The current federal government administration has increased, and has indicated a willingness to continue to increase, the use of tariffs by the U.S. to accomplish certain policy goals. Such tariffs and any countermeasures by the U.S.' trading partners could increase the cost of raw materials, components and finished goods necessary for our or our partners' operations, disrupt global supply chains, create additional operational challenges and cause widespread uncertainty in the financial markets. Further, it is possible the administration's trade policy changes directly impacting the biopharmaceutical industry and related uncertainty about such policy changes could increase volatility in the market valuation of companies in the healthcare industry. Because of these dynamics, we cannot predict the impact of any future changes to international trading relationships or the ultimate impact recently adopted tariff policies will have on our business. Such changes in tariffs and trade regulations could have a material adverse effect on our financial condition, results of operations and cash flows.

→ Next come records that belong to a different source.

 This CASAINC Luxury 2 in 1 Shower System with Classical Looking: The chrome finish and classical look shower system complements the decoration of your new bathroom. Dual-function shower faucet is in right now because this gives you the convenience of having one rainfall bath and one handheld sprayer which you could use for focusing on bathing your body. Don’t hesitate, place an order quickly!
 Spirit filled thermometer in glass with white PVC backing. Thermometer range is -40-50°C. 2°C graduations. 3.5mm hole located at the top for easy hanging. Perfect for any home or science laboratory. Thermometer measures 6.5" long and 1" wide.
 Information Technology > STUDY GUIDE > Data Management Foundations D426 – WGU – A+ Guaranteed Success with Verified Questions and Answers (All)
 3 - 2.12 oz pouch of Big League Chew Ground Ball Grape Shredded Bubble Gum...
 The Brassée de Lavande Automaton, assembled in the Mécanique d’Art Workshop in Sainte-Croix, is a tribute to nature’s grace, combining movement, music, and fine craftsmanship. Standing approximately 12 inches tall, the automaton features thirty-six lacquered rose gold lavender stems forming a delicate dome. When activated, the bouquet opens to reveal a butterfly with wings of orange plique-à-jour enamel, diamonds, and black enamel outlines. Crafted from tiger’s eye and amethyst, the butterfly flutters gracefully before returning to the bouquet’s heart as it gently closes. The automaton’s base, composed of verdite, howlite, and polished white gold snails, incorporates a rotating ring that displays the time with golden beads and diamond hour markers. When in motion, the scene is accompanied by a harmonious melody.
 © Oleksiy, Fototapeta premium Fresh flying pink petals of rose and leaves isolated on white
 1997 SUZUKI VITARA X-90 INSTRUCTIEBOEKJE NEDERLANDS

Additionally, recent widespread reductions in workforce at federal health agencies, including the FDA, could have a negative impact on the speed with which our products or devices and our partners' products are reviewed and approved for commercialization.

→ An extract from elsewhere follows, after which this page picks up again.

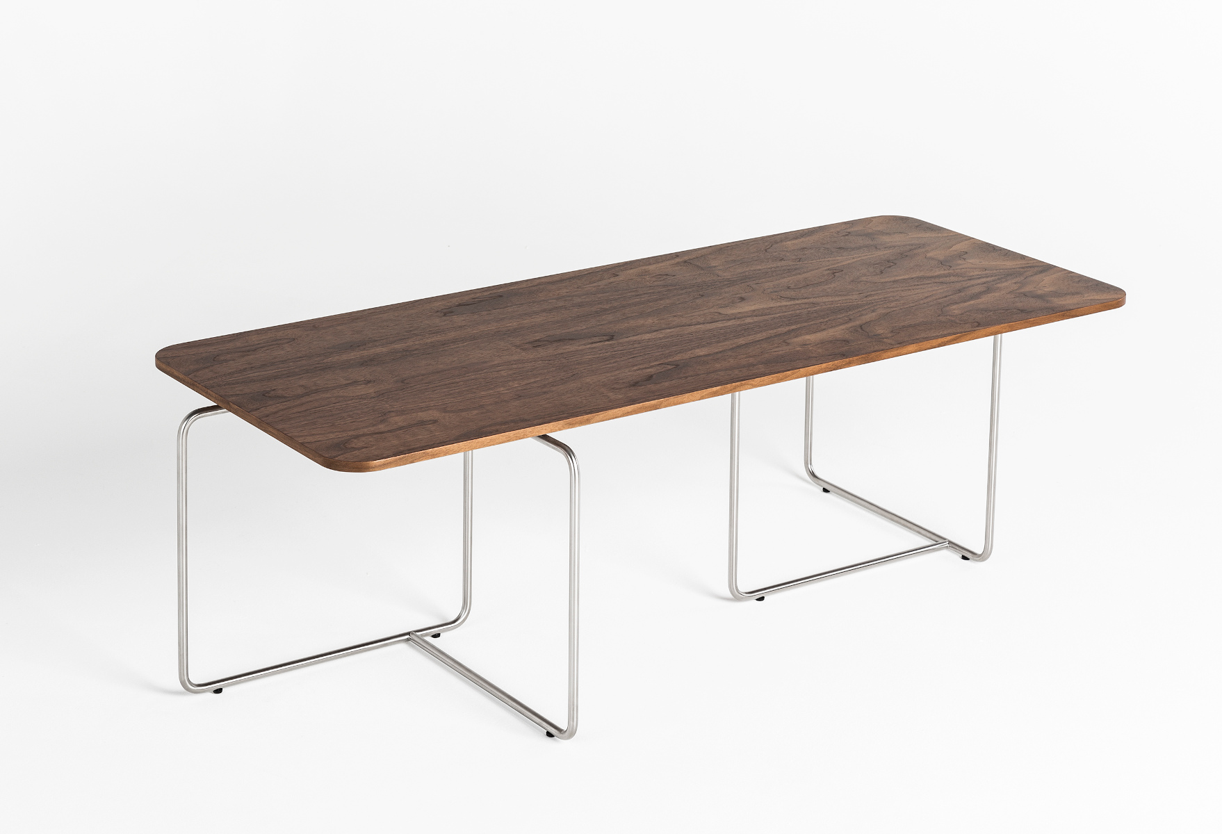 | Material: | Konstruktionselemente: lackierte oder Edelstahlkufen, Tischplatten: MDF-Platten, abgeschlossen mit natürlichem Furnier |

Our proprietary and partnered products have numerous competitors in the U.S. and abroad including, among others, major pharmaceutical and specialized biotechnology firms, universities and other research institutions that have developed competing products. Many of these competitors have substantially more resources and product development, manufacturing and marketing experience and capabilities than we do. The competitors for Hylenex recombinant include, but are not limited to, Amphastar Pharmaceuticals, Inc.'s product, Amphadase, a bovine (bull) hyaluronidase. For our ENHANZE technology, such competitors may include major pharmaceutical and specialized biotechnology firms. These competitors may develop technologies and products that are more effective, safer, or less costly than our current or future proprietary and partnered products and product candidates or that could render our and our partners' products, technologies and product candidates obsolete or noncompetitive. Additionally, artificial intelligence ("AI") based software is increasingly being used in the biopharmaceutical industry. Use of AI based software may lead to the inadvertent release of confidential proprietary information, which may impact our ability to realize the benefit of our intellectual property.

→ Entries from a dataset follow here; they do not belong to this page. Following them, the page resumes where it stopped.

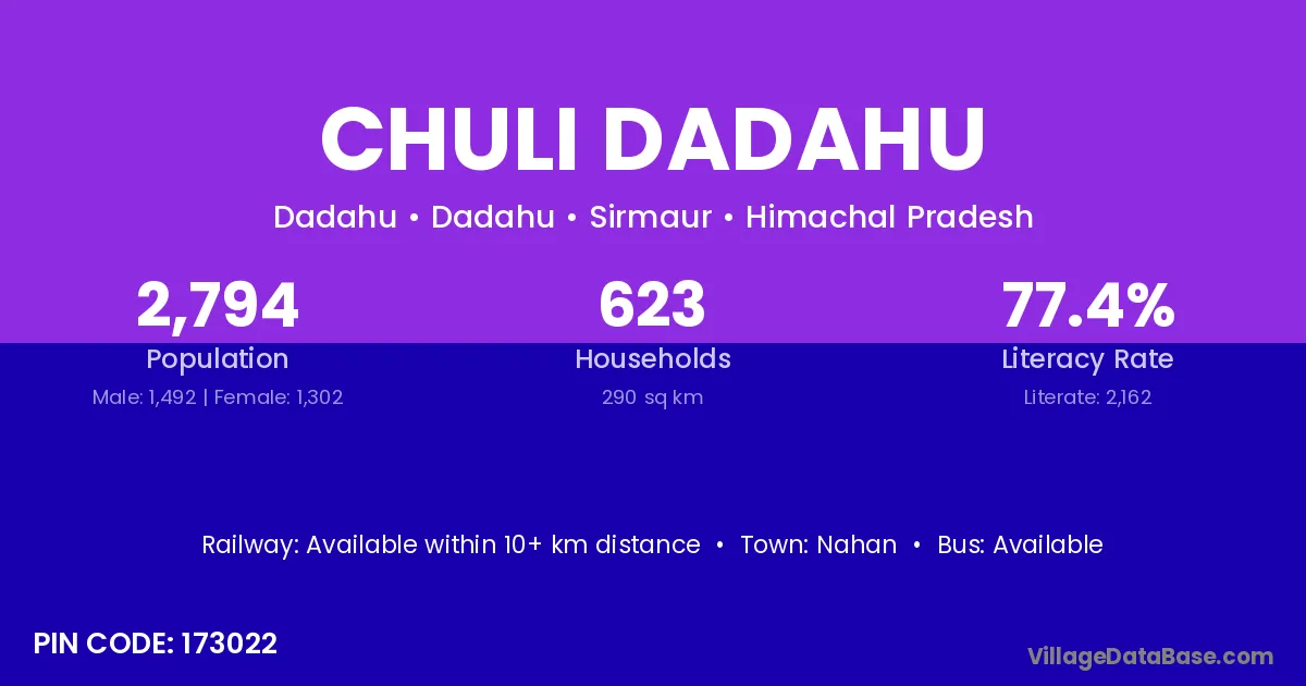 Nahan is the nearest town to Chuli Dadahu village for major economic activities
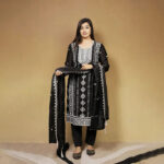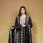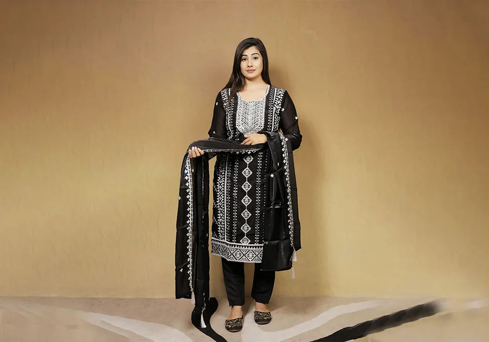 Grace your ethnic wear collection with this stunning Black & White Embroidered Chiffon Suit Set, designed to deliver elegance with comfort. This timeless three-piece ensemble includes:
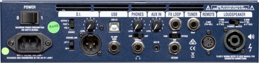 - Wyjścia: XLR DI out, phono out, tuner out, FX Loop, USB, Footswitch, 2 x Speakon speaker connector

Our and our partners' ability to earn sufficient returns on proprietary and partnered products will depend in part on the extent to which reimbursement for these products and related treatments will be available from government health administration authorities, private health insurers, managed care organizations and other healthcare providers. Third-party payers are increasingly attempting to limit both the coverage and the level of reimbursement of new drug products to contain costs. Consequently, significant uncertainty exists as to the reimbursement status of newly approved healthcare products. Third-party payers may not establish adequate levels of reimbursement for the products that we and our partners commercialize, which could limit their market acceptance and result in a material adverse effect on our revenues and financial condition. Customer contracts, such as with group purchasing organizations and hospital formularies, will often not offer contract or formulary status without either the lowest price or substantial proven clinical differentiation. If, for example, Hylenex is compared to animal-derived hyaluronidases by these entities, it is possible that neither of these conditions will be met, which could limit market acceptance and result in a material adverse effect on our revenues and financial condition.